The BBC director-general has put forward proposals to open the BBC iPlayer to third-party content, introduce a new children’s iPlayer and move from rolling news to streaming news.
In a speech at the Science Museum, Tony Hall also outlined plans for new international television services in parts of the world seen as having a “democratic deficit” (see separate story). “These proposals are about creating an open, more distinctive BBC. An open BBC that works in partnership for the good of Britain at home and abroad. An open BBC that helps secure the future of public service broadcasting and upholds democracy both at a local and an international level.”
The proposals will come at a price, the BBC says it will go further than the 20% in cost savings already required, and is at pains to stress the proposals will not require additional licence fee funding or lead to a bigger BBC. They come at a time when the BBC is under immense political pressure ahead of Charter Renewal.
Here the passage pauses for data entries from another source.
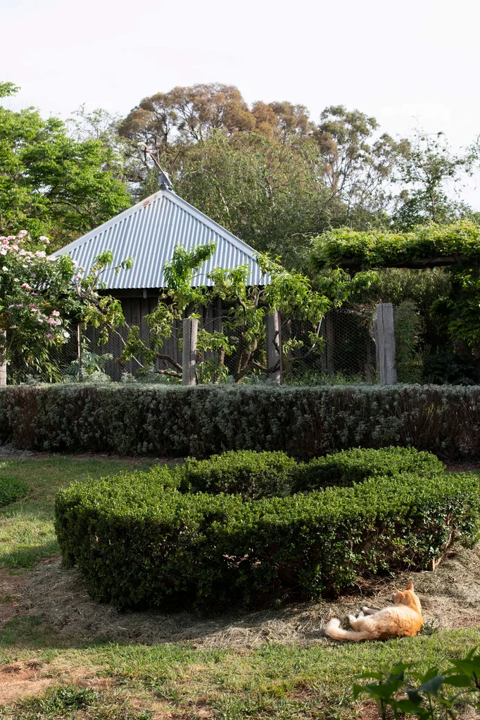 Her ginger cat Maude relaxes in the sun beside a Luma apiculata hedge. The chicken house can be seen behind it.
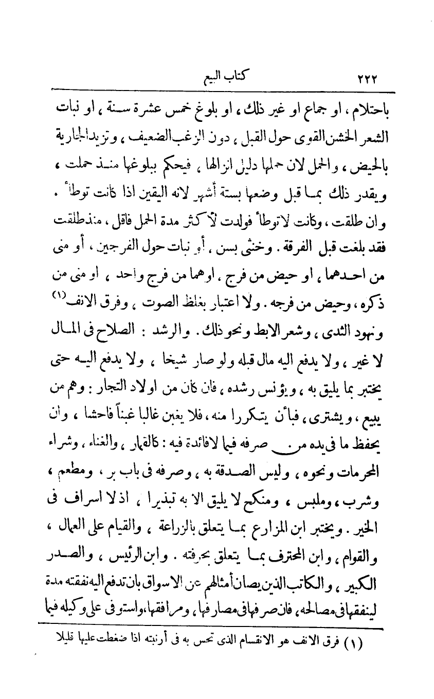 باحتلام أو جماع أو غير ذلك أو بلوغ خمس عشرة سنة أو نبات الشعر الخشن القوي حول القبل دون الزغب الضعيف وتزيد الجارية بالحيض والحمل لأن حملها دليل إنزالها فيحكم ببلوغها منذ حملت ويقدر ذلك بما قبل وضعها بستة أشهر لأنه اليقين إذا كانت توطأ وإن طلقت وكانت لا توطأ فولدت لأكثر مدة الحمل فاقل منذ طلقت فقد بلغت قبل الفرقة وخنثى بسن أو نبات حول الفرجين أو مني من أحدهما أو حيض من فرج أو هما من فرج واحد أو مني من ذكره وحيض من فرجه ولا اعتبار بغلظ الصوت وفرق الأنف1 ونهود الثدي وشعر الإبط ونحو ذلك والرشد: الصلاح في المال لا غير ولا يدفع إليه مال قبله ولو صار شيخا ولا يدفع إليه حتى يختبر بما يليق به ويؤنس رشده فإن كان من أولاد التجار: وهو من يبيع ويشتري فبان بتكررا منه فلا يغبن غالبا غبنا فاحشا وإن يحفظ ما في يده من صرفه فيما لا فائدة فيه: كالقمار والغناء وشراء المحرمات ونحوه وليس الصدقة به وصرفه في باب بر ومطعم وشرب وملبس ومنكح لا يليق إلا به تبذيرا إذ لا إسراف في الخير ويختبر ابن المزارع بما يتعلق بالزراعة والقيام على العمال والقوام وابن المحترف بما يتعلق بحرفته وابن الرئيس والصدر الكبير والكاتب الذين يصان أمثالهم عن الأسواق بأن تدفع إليه نفقته مدة لينفقها في مصالحه فإن صرفها في مصارفها ومرافقها واستوفى على وكيله فيما
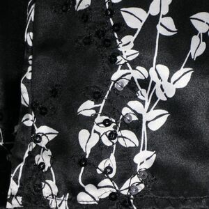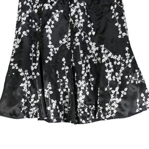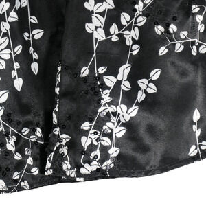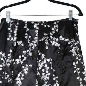 Chicos Midi Skirt A Line Womens Size 1M Satin Sequins Lined Black White Floral
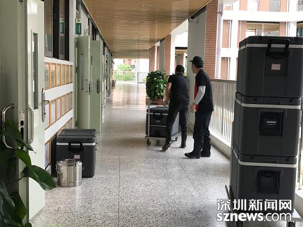 送餐人員在上午課程結(jié)束前將午餐送到每個(gè)班級門口
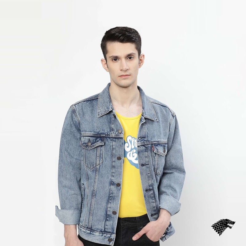 Blue washed waterless denim trucker jacket, has a spread collar, 4 pockets, button closure, long sleeves, straight hem, and cotton lining.
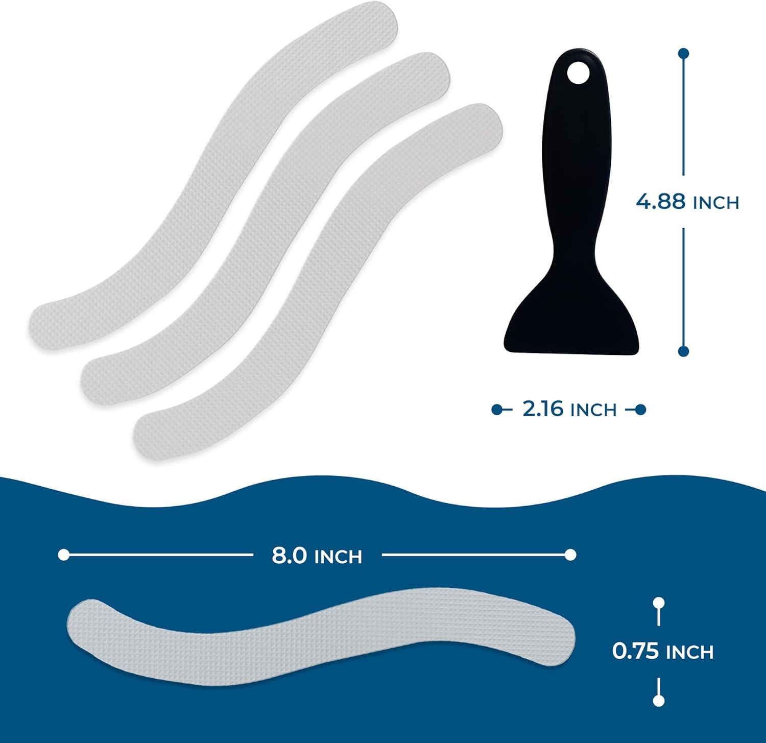 - Versatile & Comprehensive Coverage - With 24 strips (0.75”x8”) included in each package, you can cover most of your bathtub or shower surface, drastically reducing the risk of slips. Additionally, these versatile strips are perfect for use on stairs and boats, providing extra safety wherever needed

A makeover for the iPlayer would allow audiences to have the option of ‘binge watching’ – popularised by the likes of Netflix – but actually already available on the iPlayer through ‘Series Stacking’. Lord Hall said Britain was ‘losing out to global players, who are busy building platforms that could become gatekeepers to British content’. He offered to put the iPlayer at the disposal of British content providers through its brand and technology.
A new children’s service – iPlay – would create a single front-door for children to content provided by the BBC and trusted partners.
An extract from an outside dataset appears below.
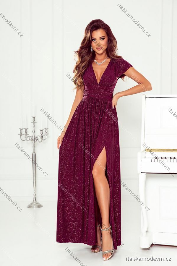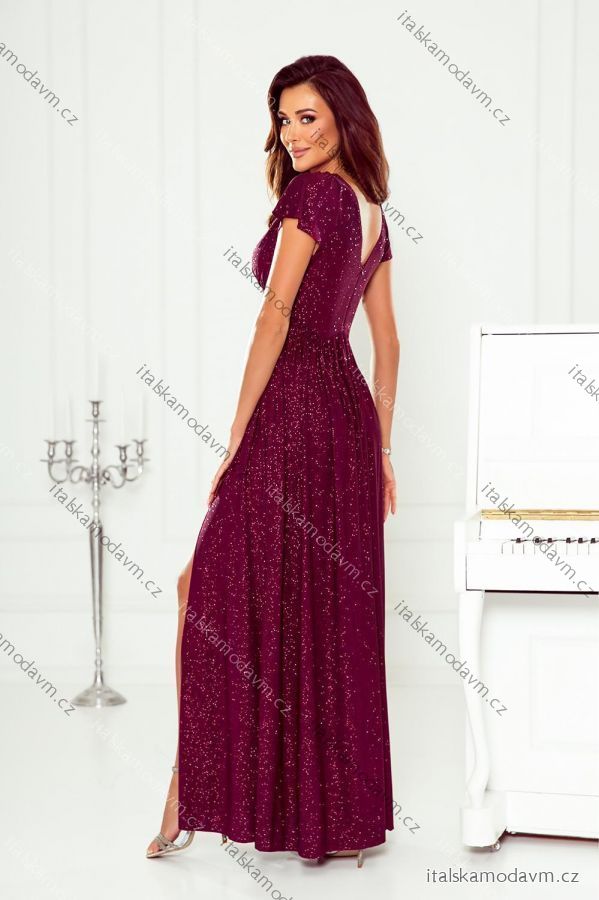 Šaty dlhé spoločenské trblietavé s flitrami krátky rukáv dámske nadrozmer (34-50) POLSKÁ MÓDA PMLWD24GABRIELA8/DR vínová 46

The move to streaming news, as opposed to the rolling news channel, follows a General Election where the day after one in five adults turned to BBC News on their mobile. The television rolling news channel is already a different beast to the channel that launched in 1997 and now shares its output with BBC One, BBC Two and BBC World News at various parts of the day.
An enhanced mobile service would inevitably be more personalised.